The introductory pages include a colorful miniature of Adam Naming the Animals that takes up an entire page by itself. This lavish inclusion is from the biblical book of Genesis from the quote "The man gave names to all the cattle, all the birds of heaven and all the wild animals." Most, if not all medieval bestiaries contain the story of the Christian Creation Myth, and many extant examples of medieval bestiaries are incomplete, which is one reason why the Ashmole manuscript is so remarkable and well studied.

The Ashmole Bestiary has been reproduced as a facsimile in both French and German but not yet in English. There is a full digital facsimile available through the Bodleian library digital records.

== History ==
The Ashmole Bestiary (Bodleian Library MS. Ashmole 1511) along with its sister manuscript the Aberdeen Bestiary, is a late 12th or early 13th century English illuminated manuscript Bestiary. Both are of the Second Family of Bestiary Manuscripts. The two manuscripts are often compared to each other due to their striking similarities in illustration and the close time in which they were both made. Though there is still some debate among medieval scholars about which one is older and therefore the original, the similarities are significant to the point that there is a scholarly consensus that both manuscripts share an origin.
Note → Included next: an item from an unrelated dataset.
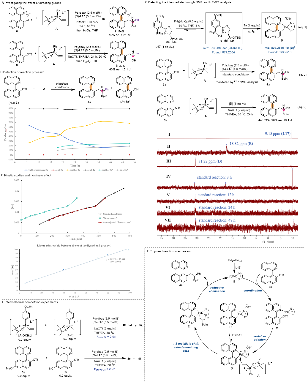 机理研究表明,反应通过Pd(II)中间体进行,其中1,2-金属盐重排为该反应的速率决定步骤。此外,所得产物可进一步通过多样化转化,构建多种非相邻手性元素的功能分子。

The famed medievalist scholar M. R. James considered the Aberdeen Bestiary to likely be a replica of Ashmole based on the quality of the illuminations and artistic style of both artefacts.

=== Provenance ===
It is unclear to historians and researchers who the original patron; they may have been an aristocrat, a high-ranking member of the church, or a monastery. It has been suggested by experts that the inclusion of Hugh of Fouilloy De avibus suggests a monastic origin for the work.

It is known through the study of the physical document and the inscriptions there-in that in the mid-1500s the Ashmole Bestiary belonged to William Wright, the vicar of Chipping Wycombe . After which the manuscript was in the possession of William Man, esq., of Canterbury, who gave it as a gift to Peter Manwood, who was an antiquary, in 1609. The next historically verifiable home of the manuscript was in the museum of John Tradescant, the elder, who then passed it on to his son John Tradescant the younger. Later that century antiquarian, and namesake of the artifact, Elias Ashmole would come into possession of it. Ashmole's collection of antiques, curiosities and books was donated after his death, founding the Ashmolean Museum. In 1860 the manuscript was transferred to the Bodleian Library which is one of the oldest libraries in Europe and one of the largest in England. It has resided there ever since.

To protect the manuscript from damage, that can be caused by even the most careful handling, access to the artefact is restricted. Manuscript preservation requires stringent rules. Researchers are asked to use replicas and published descriptions as much as is practicable.

=== Condition ===
While the bestiary is in excellent condition considering it is centuries old, it does contain some flaws. Aside from the wear of time it has edits and corrections by the different people who owned it throughout the centuries. There was an attempt at re-binding the manuscript sometime in the 17th century. Centuries later in 1987 the Ashmole Bestiary was restored and rebound, removing the previous re-binding. Using modern technology, plain alum-tawed calfskin, and correcting some of the damaging preservation attempts from the 17th century. The 17th century binding is still kept with the manuscript in the library.